Commun. Essai sur la révolution au XXIe siècle

La Découverte, 2014 (poche 2015), 593 p. | commenté par : Frédéric Landy

Inégalités et vulnérabilités croissantes dans le monde, drames écologiques, crises de la démocratie… Le bilan du capitalisme en ce début de siècle est fort sombre, ce que les auteurs de cet énorme et passionnant livre, en détournant le titre du trop fameux article de G. Hardin, qualifient de « tragédie du non-commun ».

La marchandisation à outrance (on brevète même le vivant !), et plus généralement l’essor de la propriété privée à partir de l’époque moderne, ont fait disparaître bien des « communs ». Il faut les reconquérir. Mieux : il s’agit d’en construire et d’aller au delà de « biens » communs, de créer du commun, « un nouveau droit destiné à refonder toute l’organisation de la société » (p.231), en marginalisant le droit de propriété.

Un bon quart du livre est d’abord consacré à ce que le commun n’est pas. Il n’est pas simplement ce qui n’appartient à personne : ne confondons pas res nullius et res communes (33). Il ne se limite pas à des «choses » qui par essence, comme l’eau ou l’air, pourraient seules en faire partie (47). Il n’est pas réductible à des « biens » (terme trop économique) ni même à des services publics : le commun n’est rien moins qu’un principe politique de réorganisation de la société.
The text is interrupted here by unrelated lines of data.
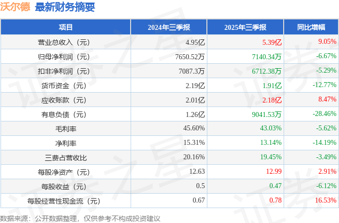 据证券之星公开数据整理,近期沃尔德(688028)发布2025年三季报。截至本报告期末,公司营业总收入5.39亿元,同比上升9.05%,归母净利润7140.34万元,同比下降6.67%。按单季度数据看,第三季度营业总收入2.04亿元,同比上升14.27%,第三季度归母净利润2778.08万元,同比上升24.76%。本报告期沃尔德公司应收账款体量较大,当期应收账款占最新年报归母净利润比达220.23%。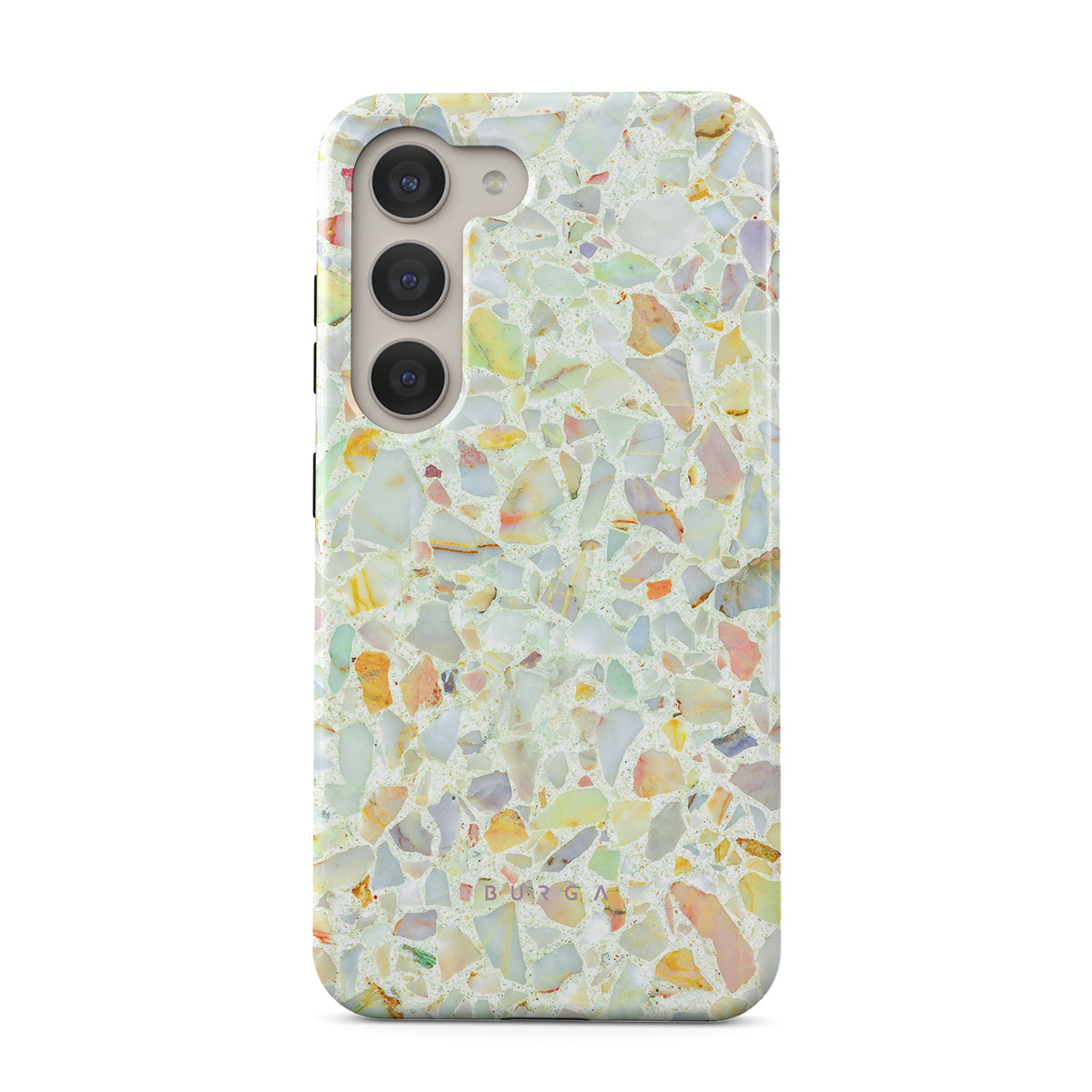 Sun is shining bright, creating rainbows on the path as the light and warm rain just washed the tiles. Walk around barefoot and feel the magic in your steps. Take this summery feeling encased in a cute Samsung Galaxy S23 Plus phone case that is as protective as mesmerizing the rainbow can be.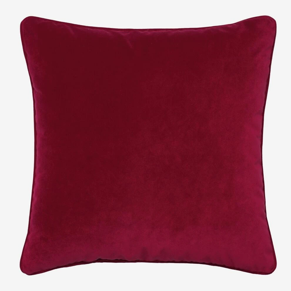 Outdoor velvet cushion in crimson red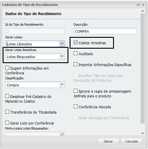 - Establecer el tipo de recibo en PermitirGenerar lotes de muestra Obstruido.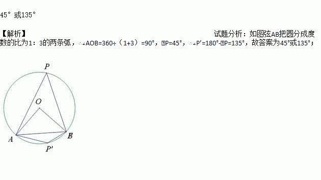 圆的一条弦把圆分成度数的比为1:3的两条弧,则该弦所对的圆周角等于_______.

Les auteurs (Dardot est philosophe, Laval sociologue au laboratoire Sophiapol de Nanterre) veulent ainsi dépasser les conclusions de la prix Nobel d’économie Elinor Ostrom : certes, elle a réhabilité la gestion collective en montrant sa possibilité et ses atouts face à la trop simple alternative qu’on présente parfois entre Etat et propriété privée (138), mais elle n’a pas de projet de société alternative et reste fondamentalement une libérale. Alors que le commun, c’est une construction, un travail collectif, une praxis, avec des relations sociales et des institutions : Ostrom l’avait compris, mais sans suffisamment en tirer les conséquences politiques (155).

Ni Marx ni Jésus : le chap.2, dénonçant « le communisme contre le commun », brosse un vaste panorama qui montre que le socialisme au 19e siècle, sans perdre toute la dimension morale des pionniers du commun, de Platon à Cabet, va mettre au premier plan la dimension économique. Mais le communisme d’Etat réalisera « une capture bureaucratique du commun » (79) menant aux tragédies que l’on sait. D’où l’intérêt du retour contemporain du commun décrit dans le chapitre 3. Pour lutter contre « la nouvelle enclosure du monde » (98), de multiples mouvements émergent à propos de l’accès à l’eau ou à la terre, mais aussi l’éducation ou la propriété intellectuelle. Il s’agit d’une lutte « contre » (le néolibéralisme), mais aussi « pour », reconnaissent les auteurs (107), mais les luttes altermondialistes sont souvent trop partielles ou sectorielles pour créer du commun et une société nouvelle. David Harvey avec sa théorie de « l’accumulation par la dépossession » (128) reste critiquable lui aussi, car son approche est trop étroite et tend à oublier l’accumulation par « subordination », par les dominations culturelles et quotidiennes. Tandis que les innovations comme le logiciel libre et le copyleft (168), ou « l’éthique hacker » si ambiguë (173), prêtent trop à une récupération par le capitalisme. Il faut donc prôner le commun, et en cela les auteurs rejoignent Hardt et Negri : « les communs » se réfèrent trop au passé précapitaliste pour continuer à en parler au pluriel (189) ; il faut utiliser le singulier pour en montrer le caractère nouveau. (Le lecteur n’entend pas bien pourquoi les auteurs refusent d’utiliser le français « communaux » plutôt que « communs », qui reste selon moi un anglicisme).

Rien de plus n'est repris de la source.